Nighttime at the docks, under the bridge over the river. This was a fun shoot, though anything at 3 A.M. is. I did three versions: one at 1/6, one at 3.2″, and this one at 30″. In the slower versions the water looks rippled and ugly, but with a longer exposure it’s beautifully smooth, and the streetlights turn to stars. You can see eight points to each light because my lens has eight aperture blades. If I’d have opened up all the way there would be no spikes, and if I opened up further they’d be less prominent.

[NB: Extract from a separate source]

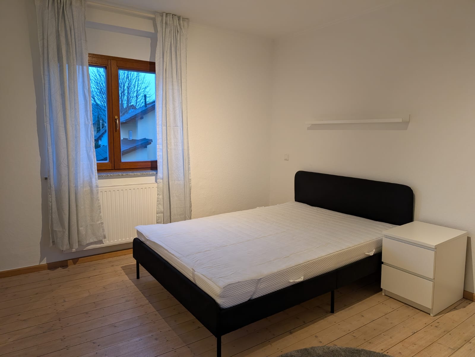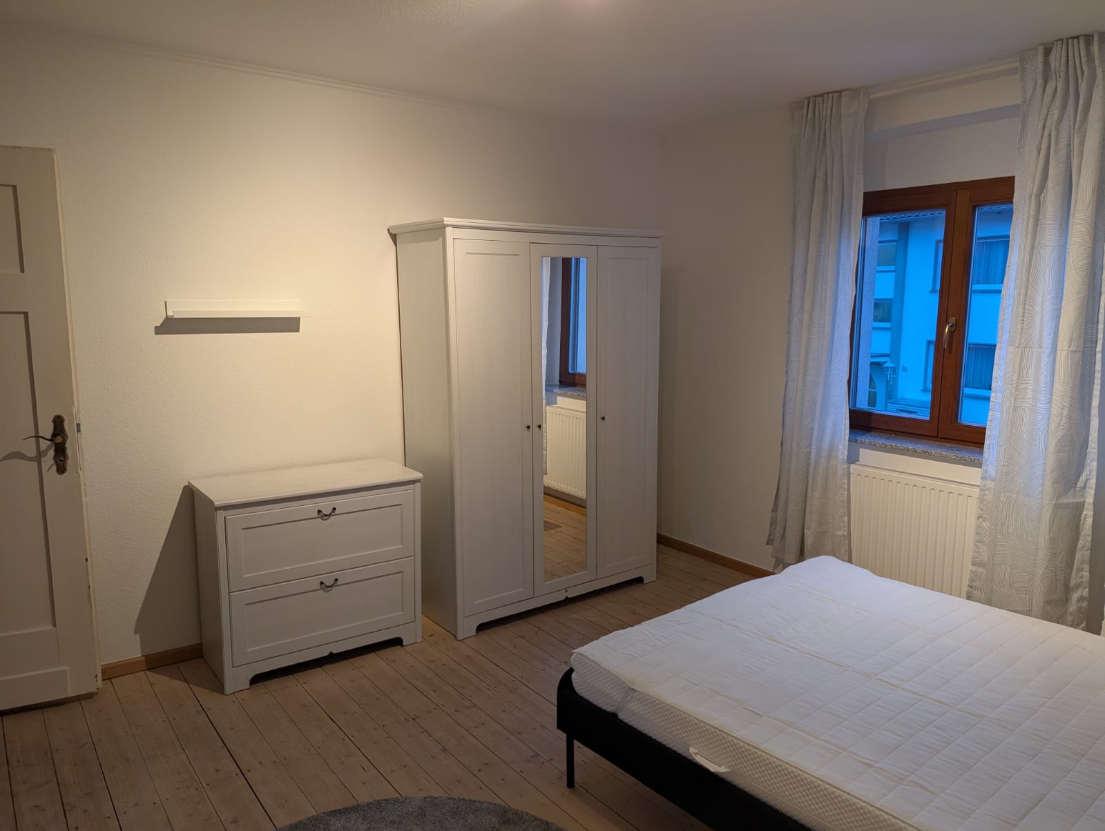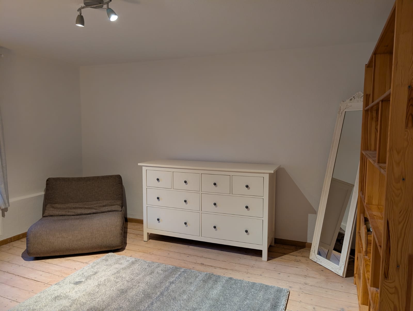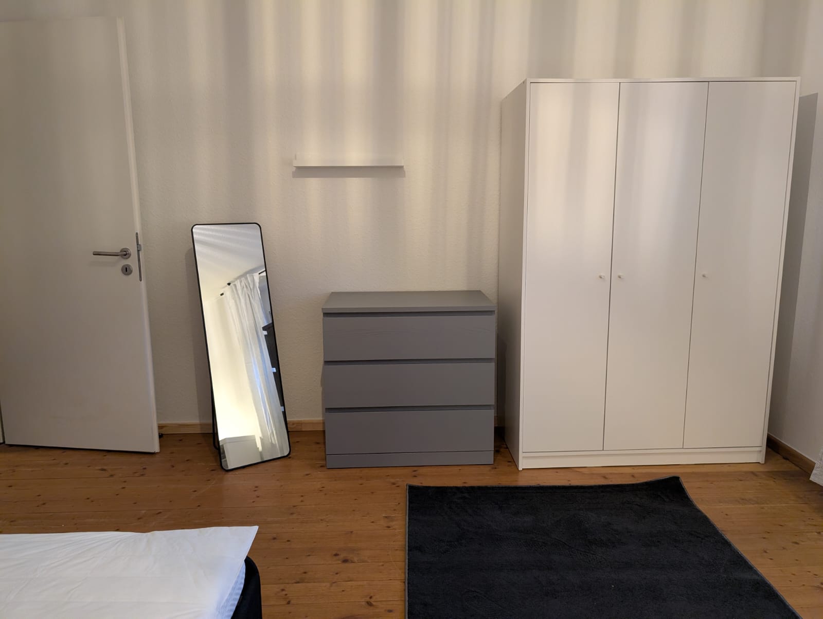 - Möblierung Schlafzimmer: Bett (70-140 x 200 m) inklusive Matratze und Hygiene-Topper, Kleiderschrank, Regal, Kommode, Spiegel, Gardinen, Teppich

The number of spikes is equal to the number of aperture blades if even, and double the number if odd, though they’ll be half as bright. They are often a nice touch. For editing, I did simple contrast and color adjustments.

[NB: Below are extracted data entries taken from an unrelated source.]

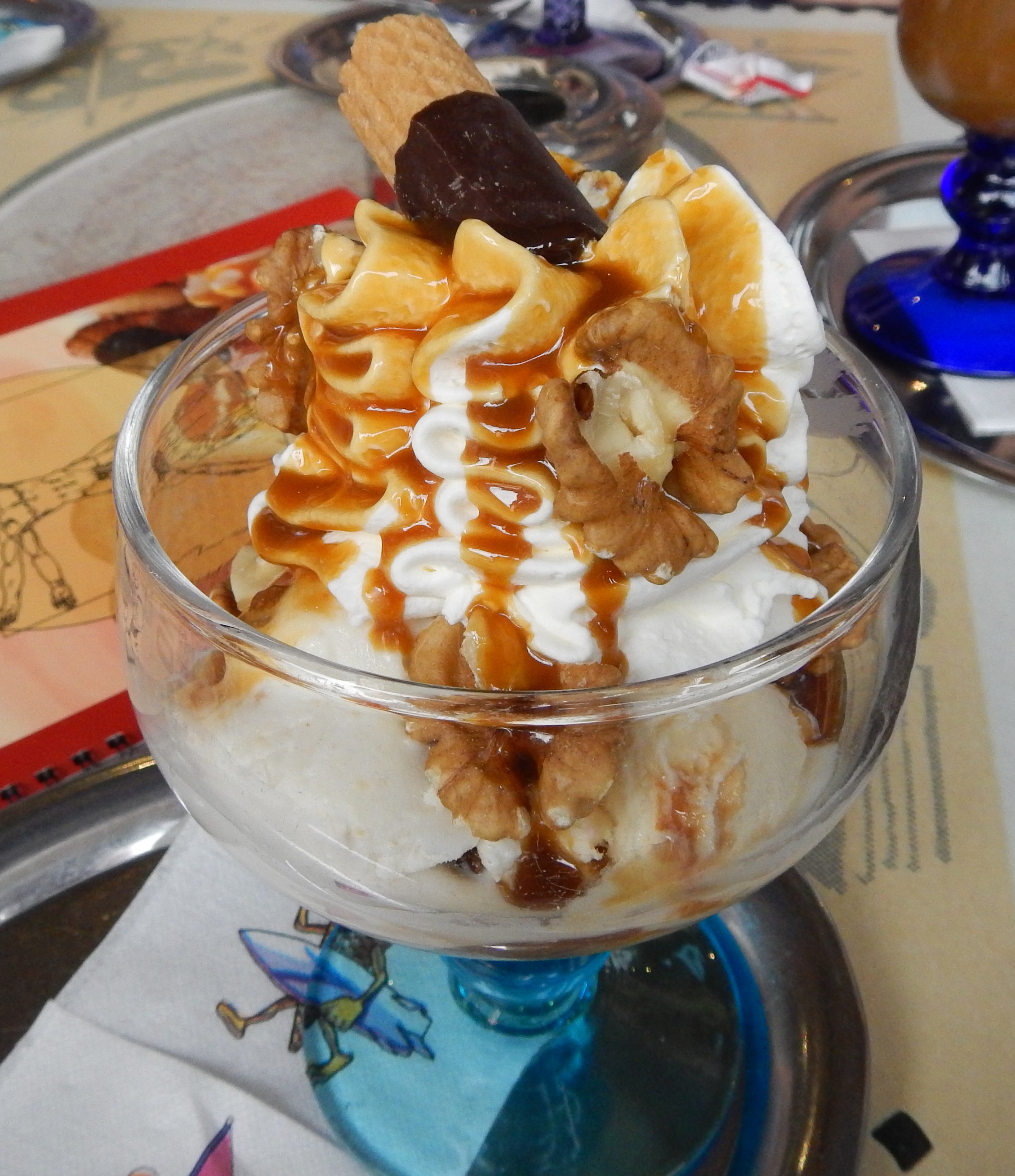 Vad vi fick in var isade jordgubbar i rieslingvin, något besvikna men det vägdes upp av en fantastiskt rolig och pratsam servitör. Man kan inte få allt. Efter dessa lite oväntade smakupplevelser tog vi det säkra före det osäkra, gick över bron igen för att sätta oss och njuta av en riktigt smaskig valnötsglass med kolasås. Vad är det man brukar säga, man ska inte gå över ån efter vatten.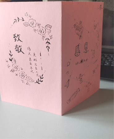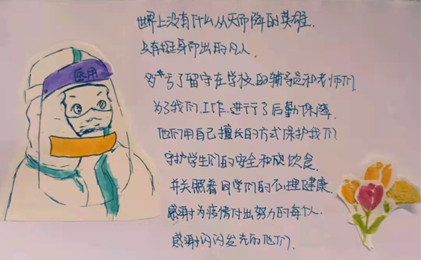 在“温情卡片的传递”中同学们向住校辅导员、隔离区值班老师、楼管阿姨、学生志愿者等在疫情防控中为大家做出贡献的人们表达了真挚的感谢和美好的祝愿,在“疫”无情中展现内心温暖的一角。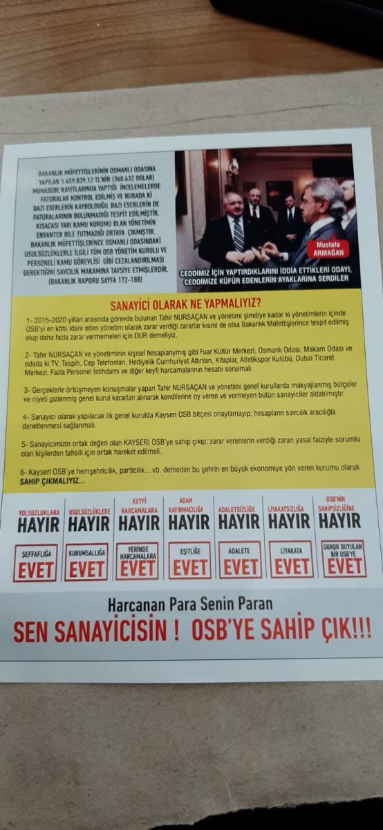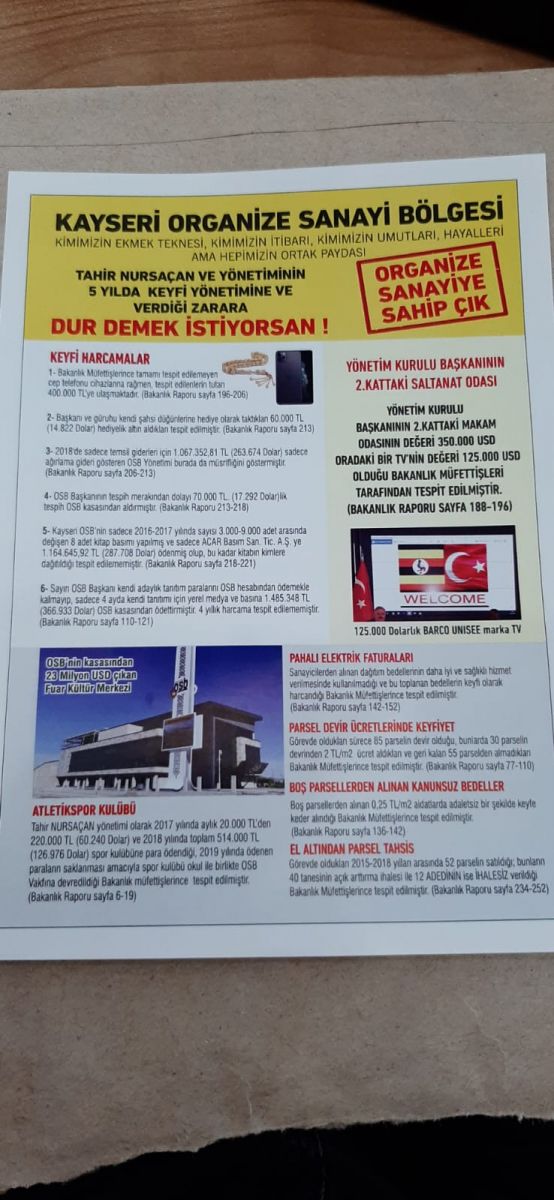 Bakın tekrar yazıyorum diyorum ki iş çığırından çıkıyor. OSB Kaynıyor, neden mi artık sanayici broşür hazırlayıp dağıtmaya ve seslerini bu şekilde duyurmaya başladı.

Canon Rebel XTi, EF 50mm 1:1.4, 30″, F9, 50mm, ISO100, 2008-07-21T02:50:56-04, 20080721-065056rxt

Download the high-res JPEG or download the source image.

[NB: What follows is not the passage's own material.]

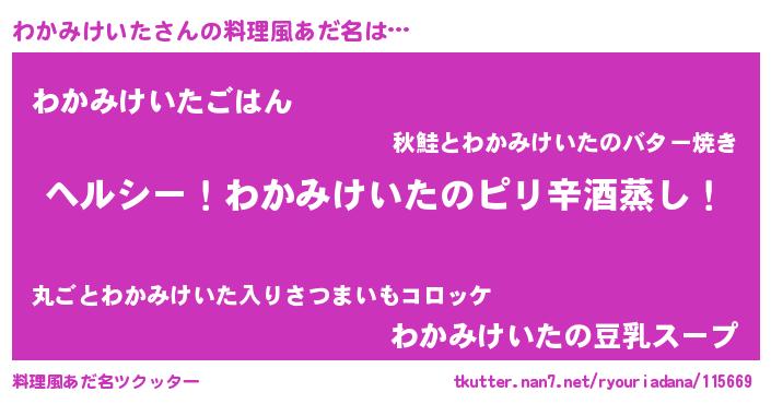 | 意味不明あだ名 | 『自称わかみけいた』 |

This work is licensed under a Creative Commons Attribution 3.0 License. Please credit me as “Photo by Richard Thripp” or something similar.

On Exposure

One thing about digital photography, a short-coming compared to film, is that you can’t recover from over-exposure (except somewhat using RAW format). So be sure to get it right the first time, because you can’t edit the detail back in. Note that in that photo, the white highlights in the sky aren’t actually clipped (if they were “clipped,” they’d be pure white), but if your monitor is too bright, you won’t be able to tell by sight. Same goes for you camera’s LCD screen. This is why you have the histogram (hopefully, anyway; I used to have a Fujifilm A360 camera that completely lacked it). If the bars trail off to the right, you know your photo has pure white areas (over-exposure), and if it continues to the left, you have pure black areas (under-exposure). If it does both, as it often will during mid-day, there is too much contrast in the scene. Usually, clipped shadows, like the ones in the black areas here, are more pleasing than clipped highlights. The sun (below) is an exception, as we expect it to be bright (same goes for the sky, but not in sky-centered photos like sunsets). The photo also has clipped shadows (the flower buds on the left), but it looks nice still. However, I increased the contrast carefully on the computer (the second image is the original); it wouldn’t look that good straight from the camera.